Percutaneous Nephrolithotomy with Amplatz and Alken Dilators: An Eight-Year Single Tertiary Care Centre Experience.

BACKGROUND Percutaneous nephrolithotomy (PNL) is the standard procedure for patients with renal stones over 2 cm in diameter. We analyzed complications after this procedure focusing on two different methods of tract dilation. MATERIAL AND METHODS Between August 2008 and April 2016 222 percutaneous nephrolithotomies were performed in a total of 208 patients. The Group I (n=123) comprised patients where Alken dilatators were used, while Group II (n=99) comprised patients where Amplatz dilators were used. Efficacy was examined based on ultrasound and x-ray examination one month after the procedure. Complications were recorded using Clavien Dindo classification. RESULTS Efficacy was 85.3% and 86.8% in group I and II, respectively (p=0.77). Grade I complications were present in 14.6% and 3%, grade II were present in 9.7% and 8%, grade IIIa were present in 2.4% and 2%, grade IIIb were present in 1.6% and 2%, grade IVa were present in 1.6% and 7%, grade IVb were present in 3.2% and 1% in Group I and Group II, respectively. These differences were statistically significant (p=0.03). CONCLUSIONS Efficacy was comparable between Alken dilator and Amplatz dilator groups. In group I, there were more postoperative fevers >38.5 °C and a higher rate of urosepsis. On the other hand, in group II we observed more pleural injuries. All differences resulted from the type of access to the kidney (inter/infracostal), punctured calyx, and utilization (or not) of access sheath rather than type of dilators itself.

Background

Percutaneous nephrolithotomy (PNL) is the gold standard for treating patients with kidney stones over 2 cm in diameter [1]. It has replaced open surgeries due to equal efficacy, less morbidity, and higher patient acceptance [2,3]. However, the most common complications are still urine extravasation, infection, and bleeding [4,5]. The classic procedure consists of four major steps: insertion of a ureteral catheter, execution of percutaneous access to the kidney with tract dilation, lithotripsy and stone extraction, and finally protection of the tract with a nephrostomy tube. Tract dilation may be conducted with the aid of metallic Alken dilators, plastic Amplatz dilators, or a pneumatic dilator. One-stage tract dilation is also a well-known technique; however, it is not utilized in our department. It has been previously suggested that blood loss during renal dilation with Amplatz instruments is higher. It has also been suggested that with sequential application of fascial dilators, the hemostatic pressure on the kidney parenchyma is lost, resulting in intermittent bleeding from renal vessels. On the other hand, telescopic Alken dilators exert pressure continuously, hence blood loss may be lower [6]. The rate of other complications seems to be comparable. As there are various methods of tract performance (inter/infracostal approach, various calyx punctures, utilization of access sheath, etc.) we hypothesized that it may not be the dilator type itself but rather the way they are utilized that may influence the type of complications.
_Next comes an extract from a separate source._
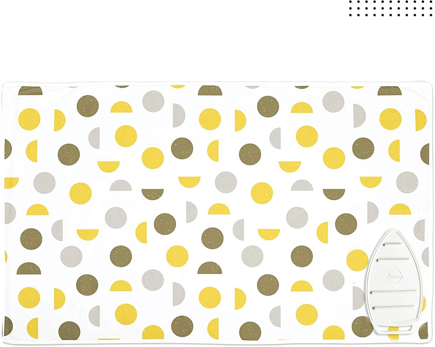 Encasa XO Ironing Mat/Pad (Large 48"x28") with 3mm Padding & Silicone Iron Rest for Steam Pressing on Tabletop or Bed - Heat Resistant, Portable, Quilting & Travel Blanket - Yellow Moon
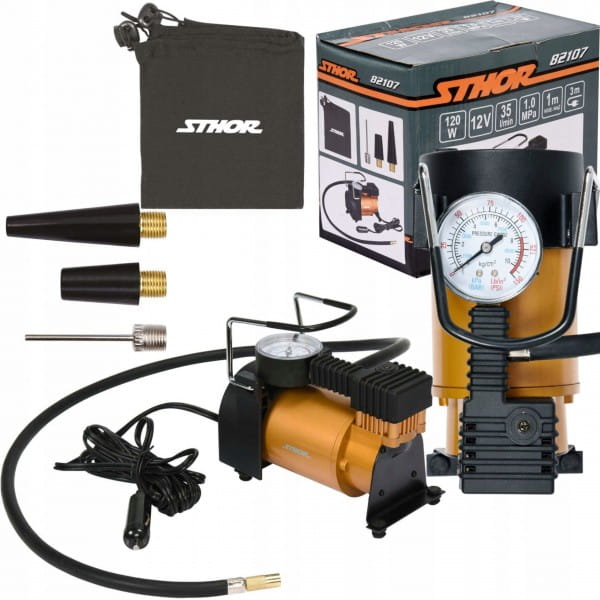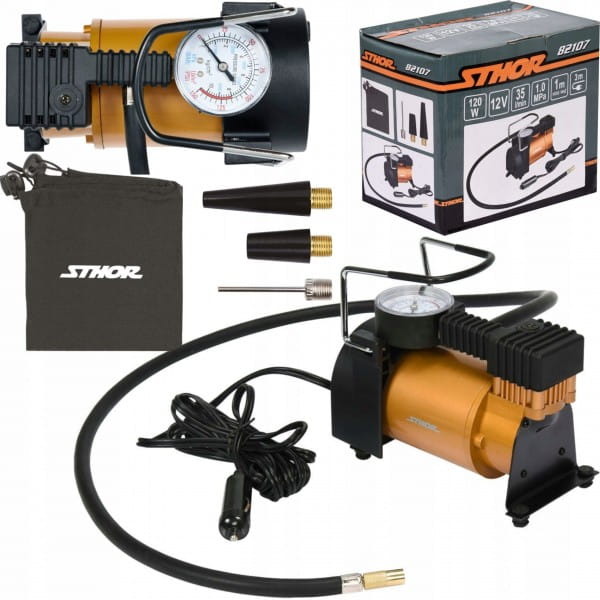 KOMPRESOR SAMOCHODOWY 12V POMPKA 120W + 3 KOŃCÓWKI STHOR 82107

The aim of our study was to compare these two methods of tract dilation in terms of efficacy and safety, and to find out what may be the source of differences in complication rates.

Material and Methods

Between August 2008 and April 2016, PNL was performed in 283 patients in our department. Complete data were available for 208 patients where 222 PNL procedures were conducted. Patients with a solitary kidney were excluded from the analysis. Two methods of tract dilation were utilized: group I (n=123) comprised patients where Alken dilatator was used; group II (n=99) comprised patients where the Amplatz dilator was used. Both procedures were conducted by two experienced endourologists (one used the Alken dilator and the other used the Amplatz dilator). We retrospectively assessed the efficacy and safety of PNL with both methods. Efficacy was assessed based on ultrasound and x-ray examination one month after the procedures. The presence of residual stone <3 mm in diameter was considered insignificant and patients were classified as stone free. The Clavien-Dindo classification was used to compare complications between groups. Urosepsis was diagnosed if there was positive urine and blood cultures and two out of the following four: temperature >38.5°C or <36°C, white blood cells >12,000 cells/mm3 or <4,000 cells/mm3, respiratory rate >20 breaths per minute or PaCO2 <32 mm Hg, and pulse over 90 beats per minute [7]. Hemoglobin drop and number of transfusions were assessed as additional safety parameters. Other variables were also analyzed including: operating room time, scope time, and hospitalization time. Visual analogue scale of pain was assessed the day after surgery. Failed tract dilations during procedure and tract formation time were also assessed.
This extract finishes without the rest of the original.